Miao was also among members of the UW flute studio who recently learned that they will spend this summer performing at Sewanee Summer Music Festival in TN. There, she will be performing with the festival orchestra, engaging in chamber music, and focusing on additional flute performance studies.  Laura Colmenares (BM Flute 2016), and Elise Kim (BM Flute 2020) also will be featured performers with the Sewanee Symphony this summer.

Audrey Cullen (BM Flute 2019) will be a featured performer at the ARIA International Summer Academy in Massachusetts.  

Joyce Lee (BM Flute 2016) won Third Prize at the 2017 Seattle Flute Society Young Artist Competition in April. 

Sabrina Bounds (BM Flute 2017) will be a featured performer at the Brevard Summer Music Festival in North Carolina.
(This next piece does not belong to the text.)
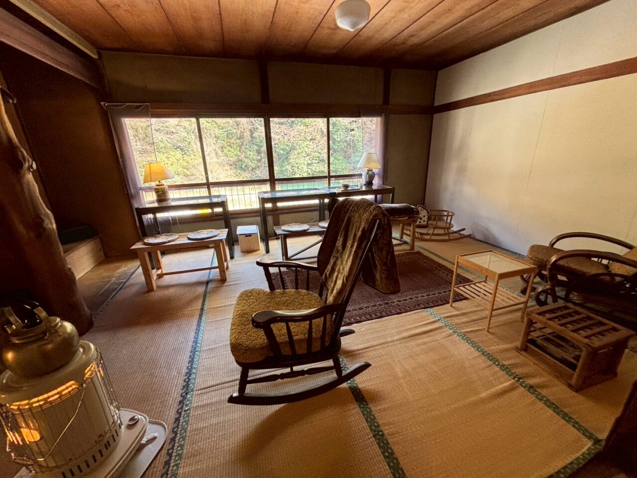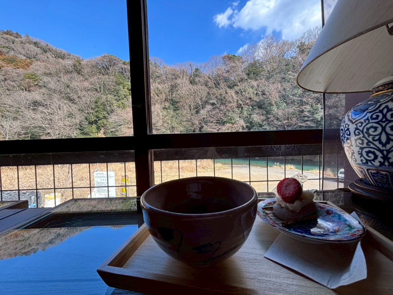 どこを切り取っても絵になる「インスタ映え」な内装です。今の季節は膝掛けを用意してくださる優しさが身に沁みます……。とはいえ、川沿いの古民家。おしゃれを楽しみつつ、しっかり温かい服装でお出かけするのが正解です!

Sabrina has just completed a two-year term as the President of the Seattle Flute Society.

Mona Sangesland (BM Flute 2015) is graduating from the New England Conservatory with her MM degree. She will be joining Artists Striving to End Poverty (ASTEP) as a Music Fellow in India for three months this summer. There, she will be teaching music at the Shanti Bhavan Children’s Project, a rural residential school just outside Bangalore.

Graduate choral conductor Steven Danielson won the Opus 7 Choral Composition Competition. In addition to his award, Seattle’s Opus 7 (Conducted by UW Alum Loren Pontén premiered his work In Turba on the group’s May 13 concert. 

Eric Smedley has recently received tenure and promotion to Associate Professor at the Jacobs School of Music of Indiana University, the country’s largest school of music. Eric serves as Associate Director of Bands at IU. Eric was a graduate teaching assistant for the UW Athletic Bands from 2007 - 2010.

Linda Moorhouse was recently elected to the office of Vice President of the prestigious American Bandmasters Association. Linda currently serves as Associate Director of the School of Music and Senior Associate Director of Bands at the University of Illinois, Champaign-Urbana. Linda was UW Concert Band program teaching assistant for three years in the 1990’s. 

Richard Clary was elected to the office of President of the College Band Directors National Association. Rick serves as Professor of Music and Director of Wind Ensemble Studies at Florida State University. Rick was teaching assistant for the UW Concert Band program from 1990-1993.